CUCHARA, Colo. — You can see the scar Cuchara Valley Ski Area's runs have carved into the side of the mountain for miles.
For nearly two decades, that sight was the first glimpse of a coming adventure. It's where Jesse Steele learned to snowboard, and where he came to escape with friends on weekends in the late '90s.
"We'd all get in a big suburban or a bus and we'd just come up here for the weekend," he said. "It was awesome, but when it shut down, it was weird. It was like a ghost town around here."
The ski area opened in 1982. It survived several ownership changes until it shuttered in 2000.
But Steele and a group of local volunteers are hoping to bring back Cuchara Valley Ski Area to at least some of its former glory.
"I tell you what," Steele said, "it's a little different than when I was 16,17 years old."
When the last owners left, winter commerce left with them.
"Now we have like a four month season," Mike Moore said. He owns a bed and breakfast in town and said it's one of just three businesses that stay open year-round. "There's two of us little bed and breakfasts ... and one little gift shop."


He pointed out the "world-famous Dog Bar," closed for the season until Mothers' Day.
Timbers, a gourmet restaurant, won't open again until spring.
"There's a country store here, a liquor store and a gift shop," he said. They're all closed until warm weather returns.
"When the ski area was open, most of the restaurants stayed open all winter," Moore said.
Business might stick around when the snow starts falling again if Moore and the local volunteers can succeed in restoring the ski area.

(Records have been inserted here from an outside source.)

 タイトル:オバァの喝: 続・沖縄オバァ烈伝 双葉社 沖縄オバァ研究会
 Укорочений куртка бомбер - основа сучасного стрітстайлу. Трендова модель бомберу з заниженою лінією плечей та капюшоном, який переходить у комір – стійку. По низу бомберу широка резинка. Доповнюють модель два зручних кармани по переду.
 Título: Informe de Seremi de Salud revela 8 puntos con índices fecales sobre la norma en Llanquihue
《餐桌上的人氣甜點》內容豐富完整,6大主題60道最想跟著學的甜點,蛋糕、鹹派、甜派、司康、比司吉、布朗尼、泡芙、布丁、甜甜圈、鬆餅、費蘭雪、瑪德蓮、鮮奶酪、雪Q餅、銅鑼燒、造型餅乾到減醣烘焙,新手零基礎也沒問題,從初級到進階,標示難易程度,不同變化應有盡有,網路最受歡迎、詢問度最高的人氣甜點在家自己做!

Huerfano County formed the Cuchara Foundation to raise money to open a park at the base of the slopes. Moore is the treasurer of that group and works with secretary Lois Adams, who's secured several grants that, along with generous donations, keep Cuchara Mountain open year round.

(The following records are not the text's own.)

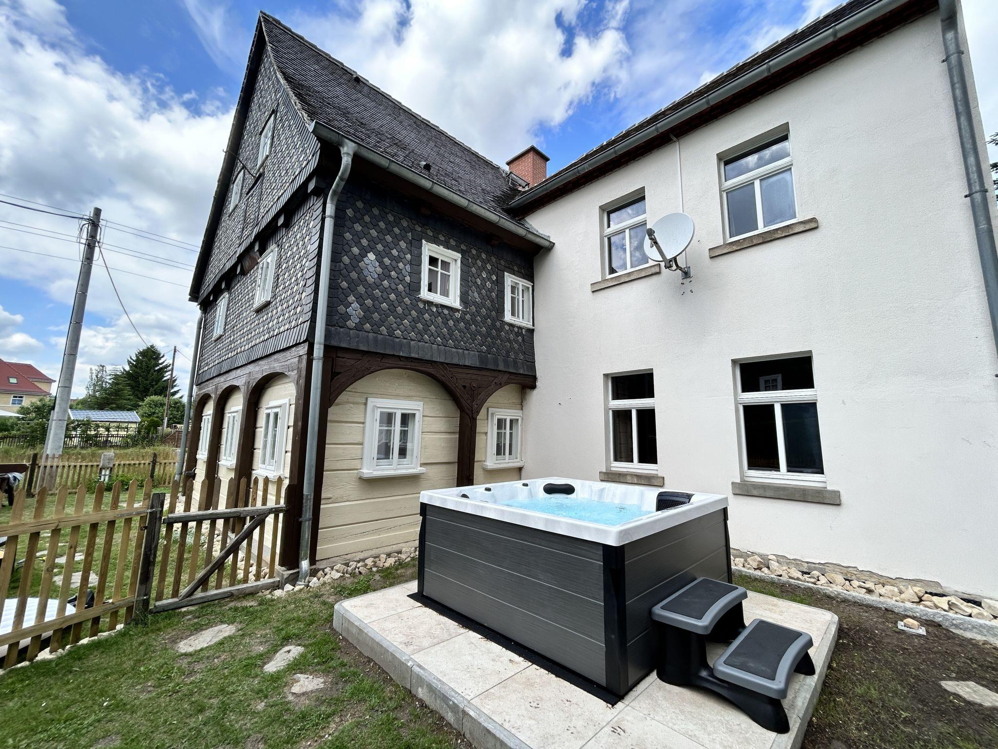 Historical 2-family house, 2 storeys, built in 1790, renovated in 2022. 500 m from the centre of Großschönau, 12 km from the centre of Zittau, 30 km from the centre of Löbau, 20 m from the river. For shared use: natural state property (fenced). Private: hot tub. Bread roll service. Shop 500 m, supermarket 200 m, restaurant 400 m, bakery 300 m, bus stop "Großschönau Weinhaus" 700 m, railway station "Großschönau Bahnhof" 1.5 km, outdoor swimming pool 1.5 km, bathing lake "Olbersdorfer See" 13 km. Walking paths from the house 5 m, ski lift 4 km, ski school 4 km, cross country ski track 4 km. Well-known ski regions can easily be reached: Waltersdorf 4 km. Well-known lakes can easily be reached: Olbersdorfer See 13 km. Please note: Additional accommodations can be booked.
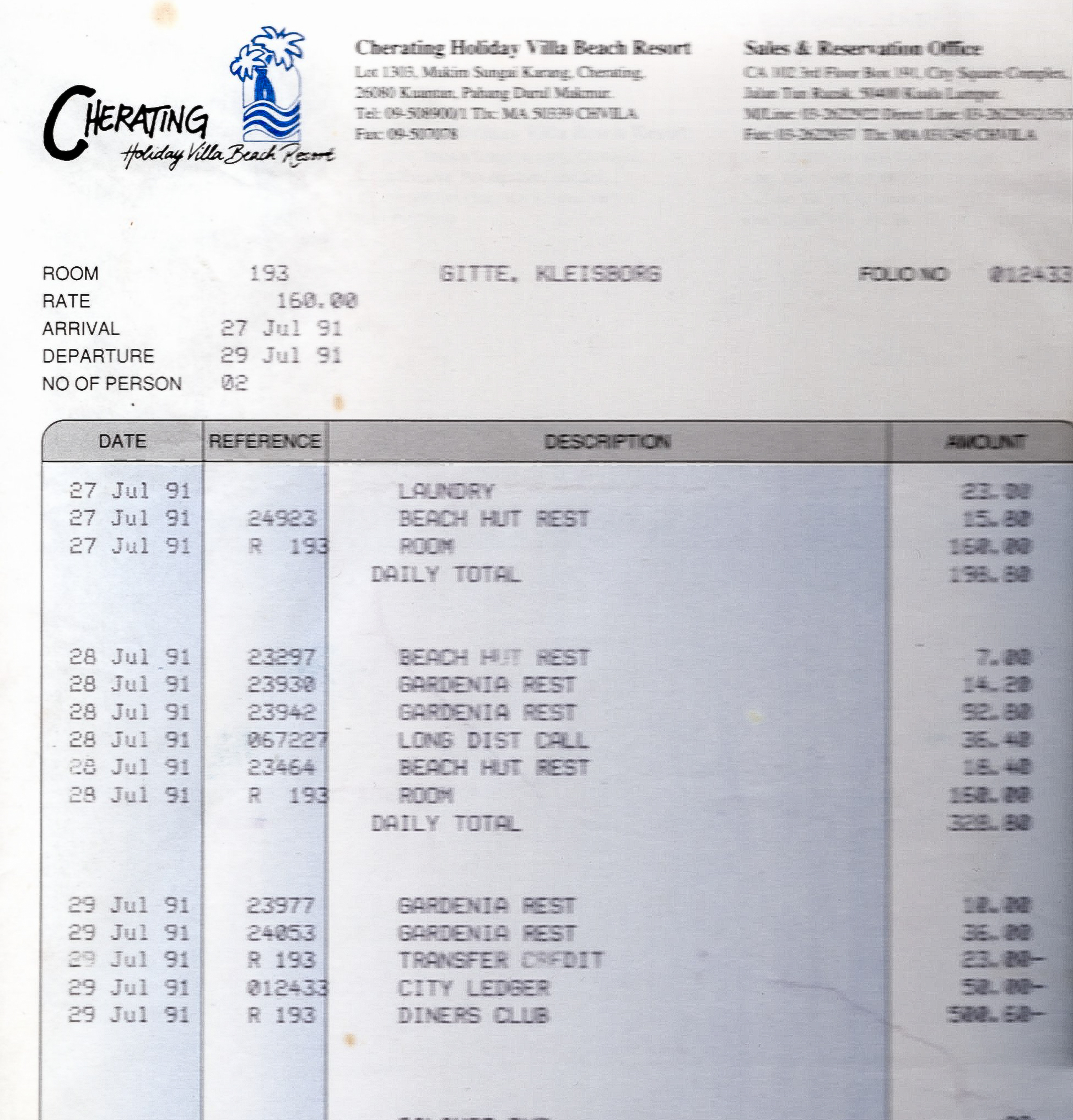 Vores tur til Cherating på Østkysten gik fint, men der skete ikke de store ting. Vejret kunne have været bedre, idet vi havde en del skyer – men det regnede da ikke, så det kunne have været værre.
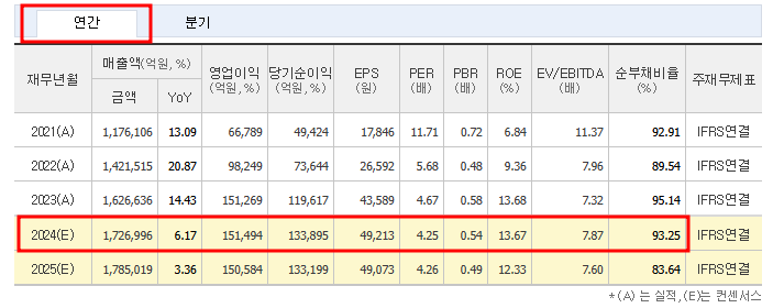 - 2024년 예상 매출: 약 1,726,996억 원으로, 이는 전년 대비 약 6% 성장할 것으로 전망됩니다. 전기차와 친환경 차량의 비중 확대가 매출 성장에 큰 기여를 할 것으로 보이며, 현대차는 이에 따라 생산 라인 확장과 기술 개발에 적극적으로 투자하고 있습니다.
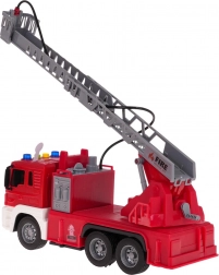 Das Feuerwehrauto ist aus hochwertigstem Kunststoff gefertigt, was ihm Haltbarkeit und leuchtende Farben verleiht. Es sind auch Lichteffekte enthalten, die beim Drücken der Tasten auf der Oberseite der Kabine aufleuchten. Das Spielzeug ist so konzipiert, dass es endlose Stunden Spaß und Abenteuer bietet.
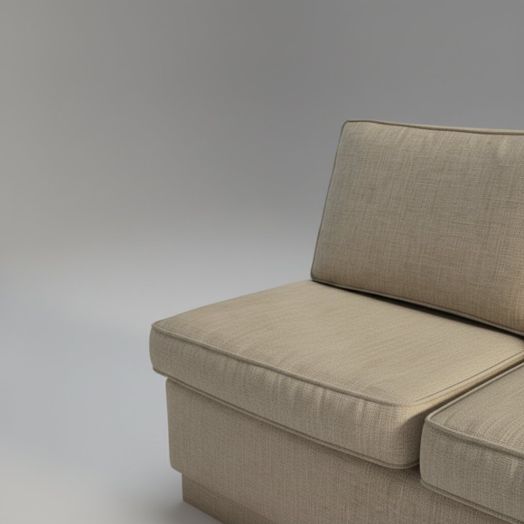 A estrutura interna e a base encontram-se sólidas. O estofo apresenta marcas de armazenamento, incluindo sombras superficiais de pó e vincos no tecido resultantes do acondicionamento em armazém. Uma limpeza têxtil simples uniformiza o tom bege e revitaliza a textura, removendo as marcas de logística e preparando a peça para uso imediato.
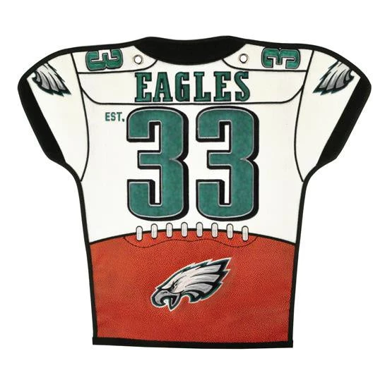 Eagles NFL Football…like no other! Show your pride with this professional Jersey Banner. Measures 20” wide by 18” long. Includes an autograph section for your favorite team player

"I've just fallen in love with it," Adams said. "The circumstances here right now seem perfect to have this evolve and have this help the whole Huerfano county."
The park has a disc golf course, hosts music festivals and is working with the forest service to become a trailhead for hiking through San Isabel National Forest.
Moore and company hope to get chair four certified this spring and insured in time to open the ski area for the 2021 season. Until then, people using the park have to ski in or hike up the mountain to ski, ride or sled down it.
"We've had 50 to almost 100 people boarding, sledding on the weekends," Moore said.


This winter is acting as a practice run for the all-volunteer crew. Chair operators with decades of experience from Winter Park and Taos, New Mexico are working out the kinks and Steele and others use snowmobiles with grooming equipment attached to pack down the powder whenever it snows.
"It's neat to be able to groom it and get it worked to where the snow will stay," he said.
The volunteers are also operating a $20 million snowmaking system left behind by the previous owners. A key tool in this part of Colorado, which doesn't see as much snow as others.
"Northern Colorado gets good snow three out of every four years," Moore said. "Cuchara gets good snow one out of every four."
If the group succeeds, Lift Four will be the only one operating for years. They'd have to get permits from the Forest Service to get any others running. But that's just fine for Moore, who said he doesn't want Cuchara to change much at all.
"We just want it to get big enough," he said. "We don't want a four-lane freeway coming through our little 'burb. Our two-lane highway is big enough."
When he's not voluntarily grooming after snowstorms or running the renovated warming hut with his wife, Steele takes the opportunity to get some turns in on the runs where he learned to snowboard.
"For what we're doing, I think we can keep this lower part of the park workable pretty easy," he said.